Judge Brett Cullum weighs in on a western with two of the sexiest cowboys in Hollywood—Casper Van Dien and Ernest Borgnine.
A fight is always in the cards
Aces 'n Eights is a familiar-feeling Western that follows a lot of the old clichés. The story is that of a retired gunslinger (Casper Van Dien, Starship Troopers) who settles down on an Arizona ranch run by an aging farmer (Ernest Borgnine, The Wild Bunch). The railroad is coming through town, and the property they are on is right in the way of progress. Worse still, the evil railroad man has hired a gun-crazy gang to kill the owners of any acres people are not willing to sell. Will the gunslinger come out of retirement to defend everyone against the land grab by the railroad?
Aces 'n Eights was produced as a cable project for Ion, which is coming close to what the Sci Fi channel has been doing for years with original programming, except instead of tales from the stars they are doing feature length westerns. For a "made for basic cable TV" production, the film has a great cast and a surprising amount of gore and violence. The splatter makes sense since Aces 'n Eights pays homage to the Spaghetti Western all the way up to putting its lead gunslinger in a Mexican shawl for the last shootout. The film is pretty predictable during the course of its 90 minutes, but if you're a fan of the genre then it can be considered a "loving tribute" to the type of movies they don't make anymore.

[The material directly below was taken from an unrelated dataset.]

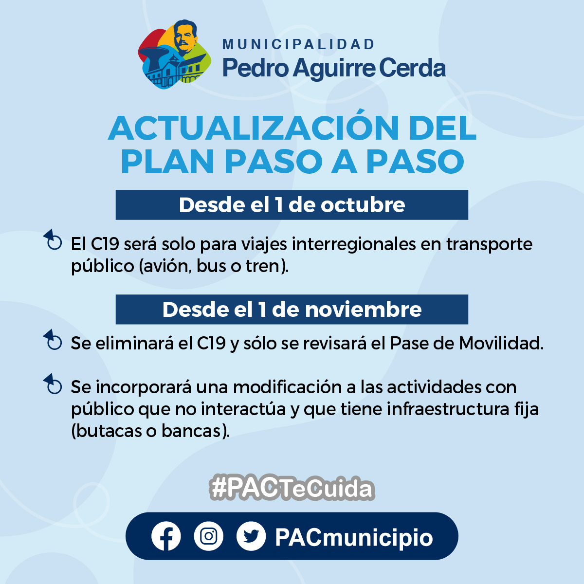 Con el fin al Toque de Queda en todo Chile, el Ministerio de Salud anunció una actualización del Plan Paso a Paso, las que tendrán vigencia a partir del 1 de octubre.

All Aces 'n Eights strives to be is a satisfying western, and in that respect, it accomplishes what it sets out to do.
For a television movie they've gotten together a good cast often seen on the big screen in "B movies," and at least one legend of the genre. Casper Van Dien makes for a believable hero as gunslinger Johnny Rivers. He speaks in his interview (in the extras on the DVD) about how much he admired John Wayne, but his performance is more reminiscent of Clint Eastwood when he was portraying "the man with no name." He's all clenched-jaw intensity and calm steady ferocity in a confrontation. Ernest Borgnine provides his iconic presence as the owner of the ranch, and for 90 years old, the actor has a ton of spunk left in him. Bruce Boxleitner (Babylon 5) gets a juicy role as one of the bad guys who has a change of heart by the time the climactic battle rolls around. Jack Noseworthy (Barb Wire) does a good job as the railroad executive from Chicago who has a need to bring a halt to all the violence. The acting ensemble makes this one worth checking out.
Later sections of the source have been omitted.